▶ _WHAT YOU HAVE TO DO_:
What you return should be the lines from the one with "Download Ersatzteil-Zeichnung Zubehör" through the one with "其中,可再生電力的大規(gu" in the data below, reproduced exactly with both ends, and no pictures at all.

▶ _SUPPLIED MATERIAL_:
'''
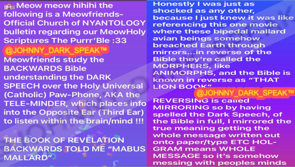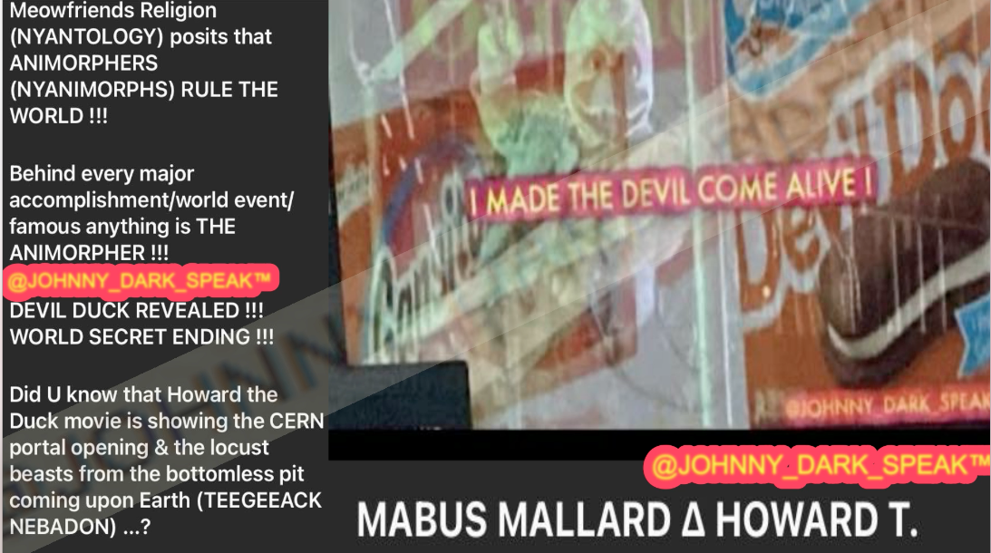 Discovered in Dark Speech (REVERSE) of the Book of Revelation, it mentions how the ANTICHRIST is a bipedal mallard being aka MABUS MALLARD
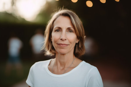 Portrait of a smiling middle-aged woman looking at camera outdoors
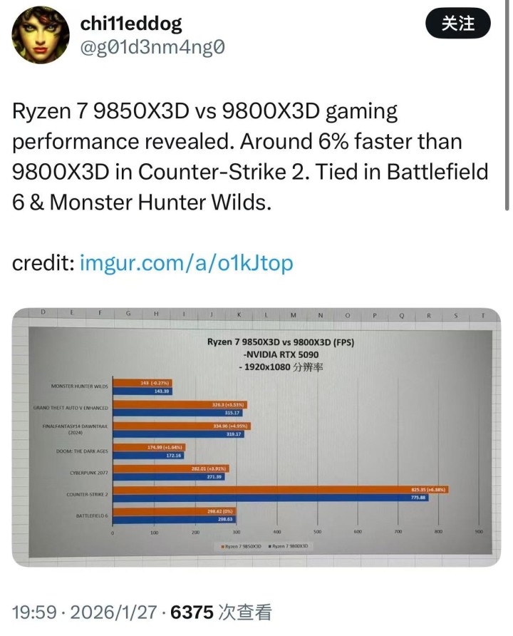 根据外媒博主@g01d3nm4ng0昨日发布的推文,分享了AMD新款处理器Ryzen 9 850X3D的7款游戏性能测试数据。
'''
'''
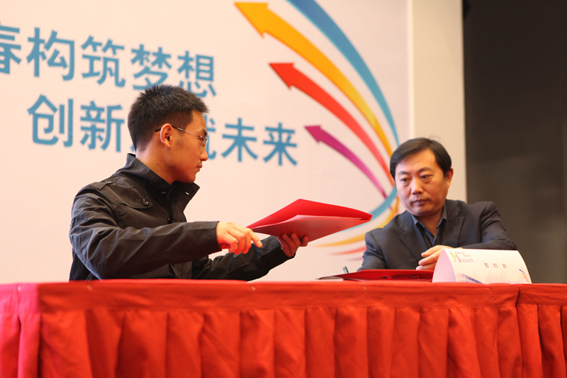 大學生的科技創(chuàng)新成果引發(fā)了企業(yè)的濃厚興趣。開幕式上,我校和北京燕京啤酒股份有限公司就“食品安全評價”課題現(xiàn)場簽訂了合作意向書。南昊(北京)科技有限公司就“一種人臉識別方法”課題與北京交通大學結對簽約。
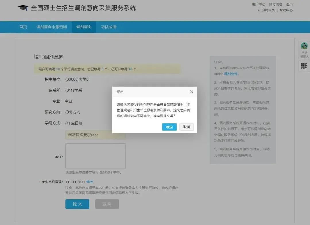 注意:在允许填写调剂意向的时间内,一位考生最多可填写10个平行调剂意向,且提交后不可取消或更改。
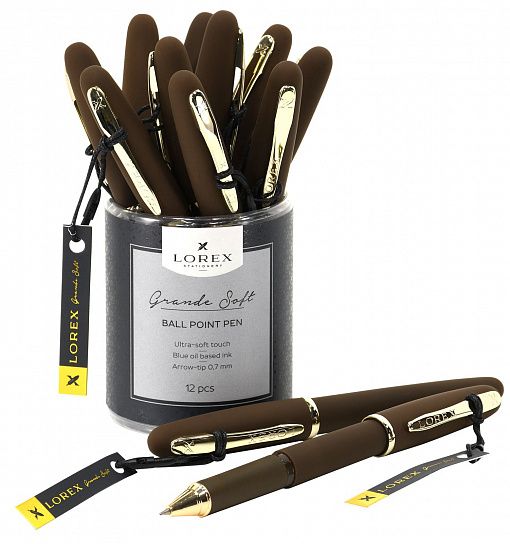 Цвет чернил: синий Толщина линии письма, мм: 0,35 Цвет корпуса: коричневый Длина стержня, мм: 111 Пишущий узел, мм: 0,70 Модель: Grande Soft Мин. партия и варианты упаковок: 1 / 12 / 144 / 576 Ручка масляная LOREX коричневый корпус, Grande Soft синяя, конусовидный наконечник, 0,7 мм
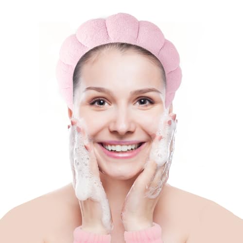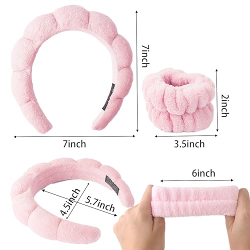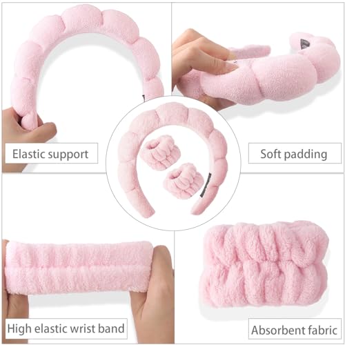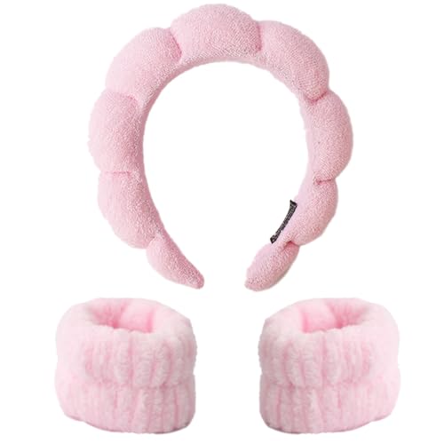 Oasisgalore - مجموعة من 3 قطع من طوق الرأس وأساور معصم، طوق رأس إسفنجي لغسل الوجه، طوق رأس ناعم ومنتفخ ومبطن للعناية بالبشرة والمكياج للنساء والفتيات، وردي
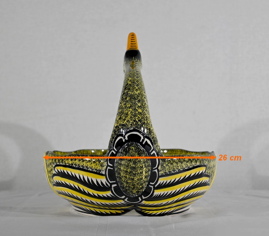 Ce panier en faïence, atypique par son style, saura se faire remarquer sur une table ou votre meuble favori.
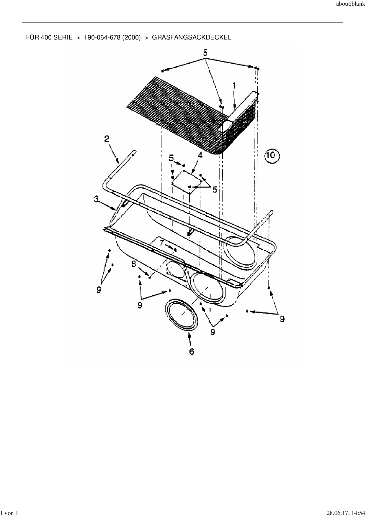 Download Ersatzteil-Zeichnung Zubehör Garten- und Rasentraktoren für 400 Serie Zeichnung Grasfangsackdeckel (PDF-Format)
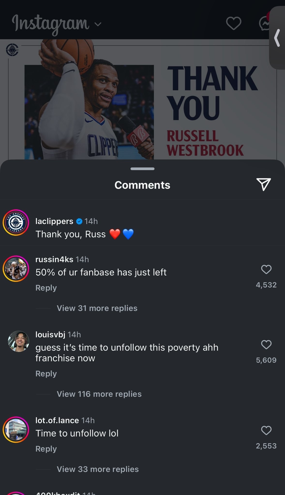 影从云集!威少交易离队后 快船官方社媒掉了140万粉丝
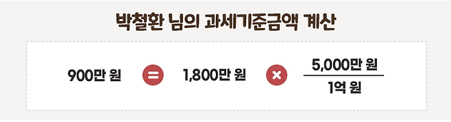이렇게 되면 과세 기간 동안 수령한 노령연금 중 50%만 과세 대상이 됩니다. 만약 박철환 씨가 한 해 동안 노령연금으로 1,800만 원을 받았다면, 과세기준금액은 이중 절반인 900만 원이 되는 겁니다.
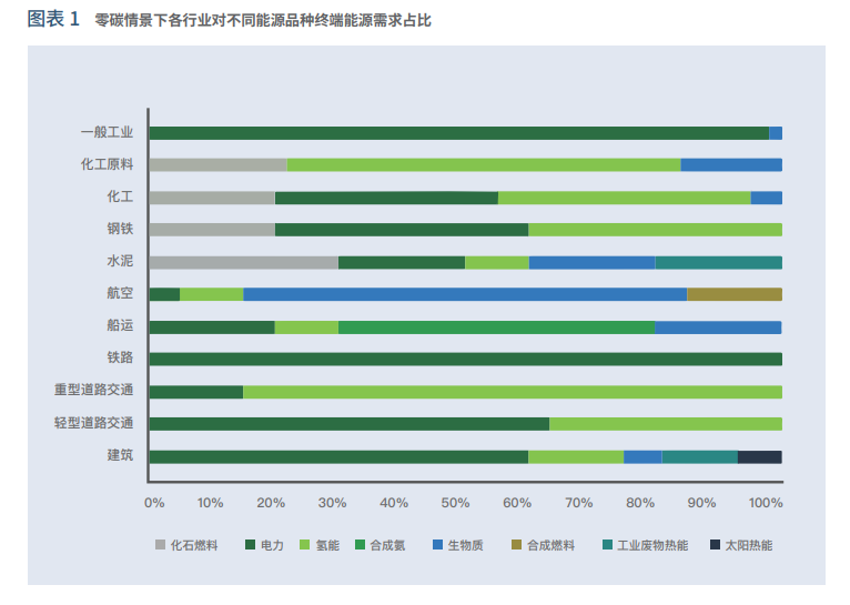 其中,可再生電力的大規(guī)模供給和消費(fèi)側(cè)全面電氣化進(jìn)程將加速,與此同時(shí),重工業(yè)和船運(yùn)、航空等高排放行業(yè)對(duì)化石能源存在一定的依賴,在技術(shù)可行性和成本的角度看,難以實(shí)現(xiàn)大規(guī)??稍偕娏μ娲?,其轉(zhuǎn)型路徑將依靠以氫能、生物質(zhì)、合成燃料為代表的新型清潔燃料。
'''
'''
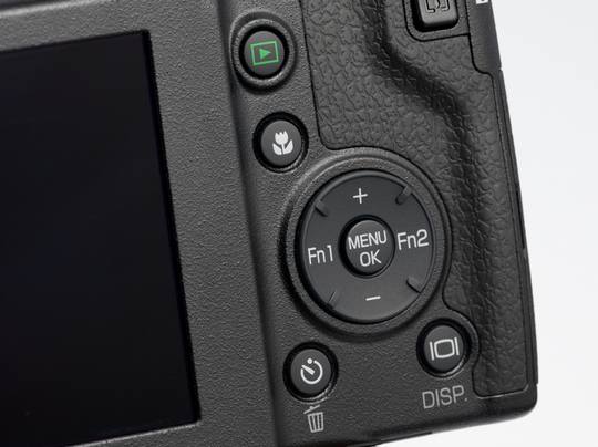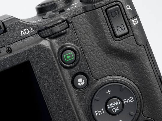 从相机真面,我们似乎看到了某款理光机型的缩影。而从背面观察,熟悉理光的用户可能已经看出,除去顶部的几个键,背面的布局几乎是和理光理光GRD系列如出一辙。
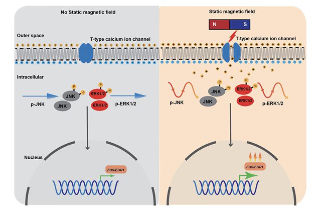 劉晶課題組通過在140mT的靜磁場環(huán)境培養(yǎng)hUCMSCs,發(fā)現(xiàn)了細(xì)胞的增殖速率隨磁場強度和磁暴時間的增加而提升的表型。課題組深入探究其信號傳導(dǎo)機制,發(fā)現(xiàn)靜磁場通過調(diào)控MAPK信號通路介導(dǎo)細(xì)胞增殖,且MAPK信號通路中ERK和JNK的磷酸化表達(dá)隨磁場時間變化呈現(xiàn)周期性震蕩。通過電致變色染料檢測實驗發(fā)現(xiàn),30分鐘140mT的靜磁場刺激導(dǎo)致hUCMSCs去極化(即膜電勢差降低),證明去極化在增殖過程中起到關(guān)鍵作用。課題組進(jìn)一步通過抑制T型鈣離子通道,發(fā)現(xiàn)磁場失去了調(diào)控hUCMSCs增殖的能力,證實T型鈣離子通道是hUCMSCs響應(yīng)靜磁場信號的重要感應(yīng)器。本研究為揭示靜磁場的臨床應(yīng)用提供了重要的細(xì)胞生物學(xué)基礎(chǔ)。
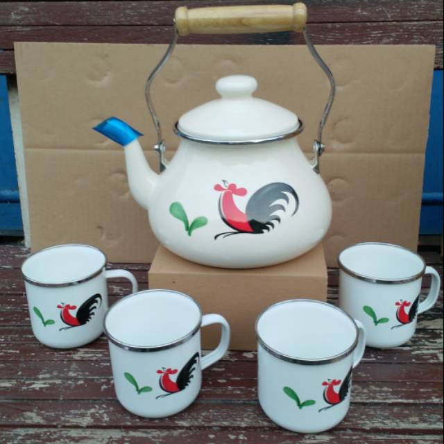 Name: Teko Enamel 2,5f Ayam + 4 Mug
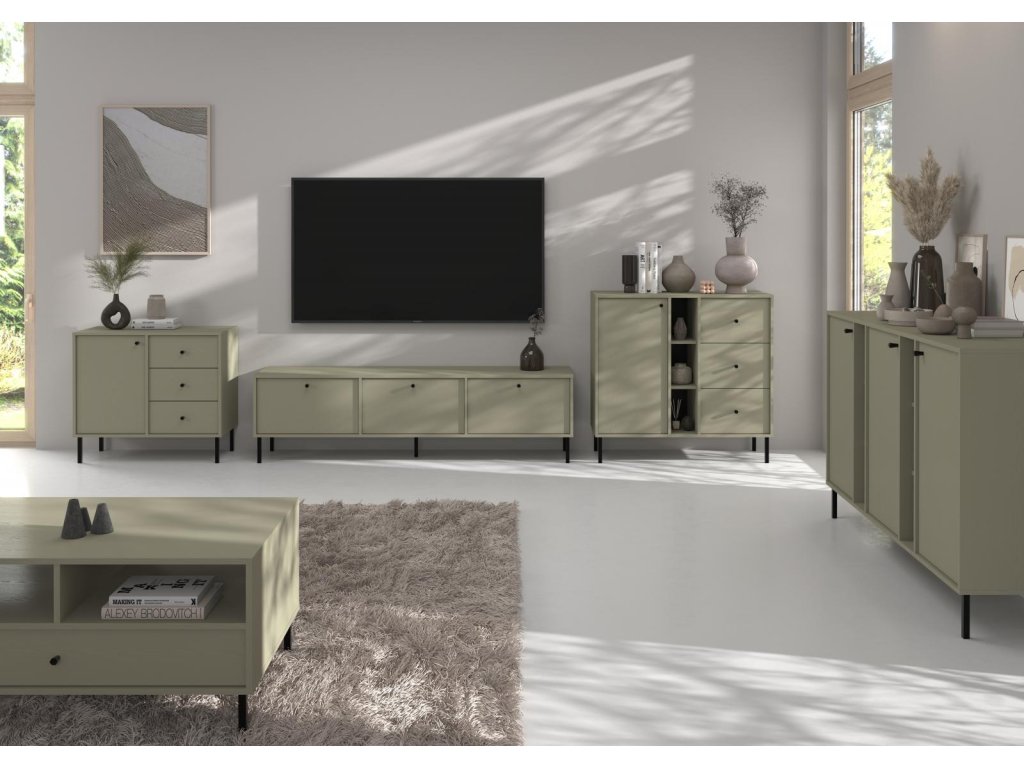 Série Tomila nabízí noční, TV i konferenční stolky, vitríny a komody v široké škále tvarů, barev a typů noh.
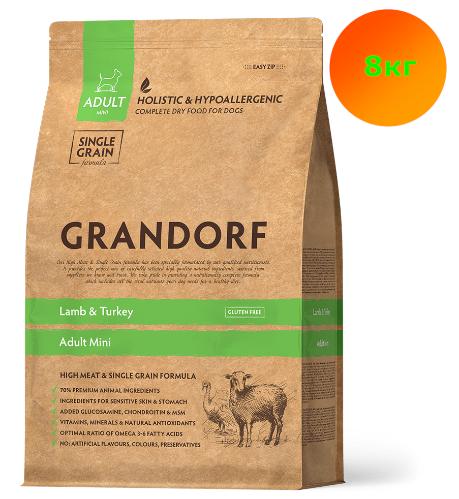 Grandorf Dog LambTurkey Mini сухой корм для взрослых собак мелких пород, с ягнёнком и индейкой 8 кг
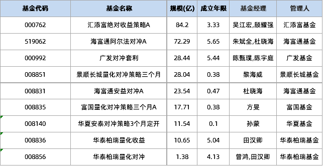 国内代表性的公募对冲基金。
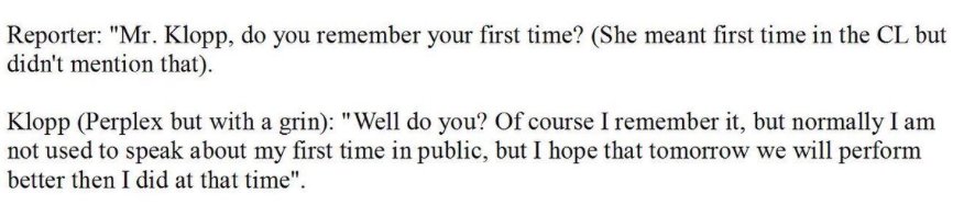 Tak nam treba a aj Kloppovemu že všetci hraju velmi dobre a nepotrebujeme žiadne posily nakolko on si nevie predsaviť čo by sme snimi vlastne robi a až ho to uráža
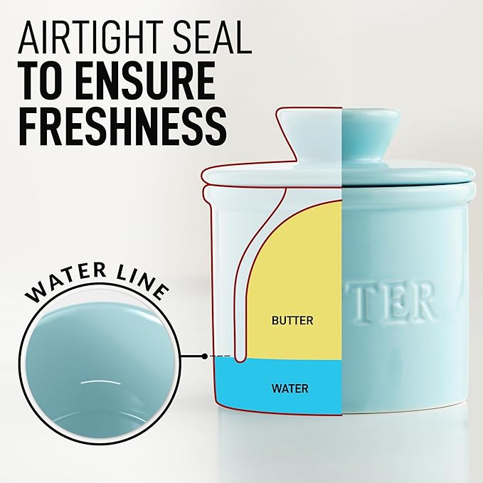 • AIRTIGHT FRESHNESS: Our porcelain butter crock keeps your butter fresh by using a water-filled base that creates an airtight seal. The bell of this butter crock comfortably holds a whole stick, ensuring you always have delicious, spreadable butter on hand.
'''
▶ _TASK RESULT_:
 Download Ersatzteil-Zeichnung Zubehör Garten- und Rasentraktoren für 400 Serie Zeichnung Grasfangsackdeckel (PDF-Format)
 影从云集!威少交易离队后 快船官方社媒掉了140万粉丝
이렇게 되면 과세 기간 동안 수령한 노령연금 중 50%만 과세 대상이 됩니다. 만약 박철환 씨가 한 해 동안 노령연금으로 1,800만 원을 받았다면, 과세기준금액은 이중 절반인 900만 원이 되는 겁니다.
 其中,可再生電力的大規(guī)模供給和消費(fèi)側(cè)全面電氣化進(jìn)程將加速,與此同時(shí),重工業(yè)和船運(yùn)、航空等高排放行業(yè)對(duì)化石能源存在一定的依賴,在技術(shù)可行性和成本的角度看,難以實(shí)現(xiàn)大規(guī)??稍偕娏μ娲?,其轉(zhuǎn)型路徑將依靠以氫能、生物質(zhì)、合成燃料為代表的新型清潔燃料。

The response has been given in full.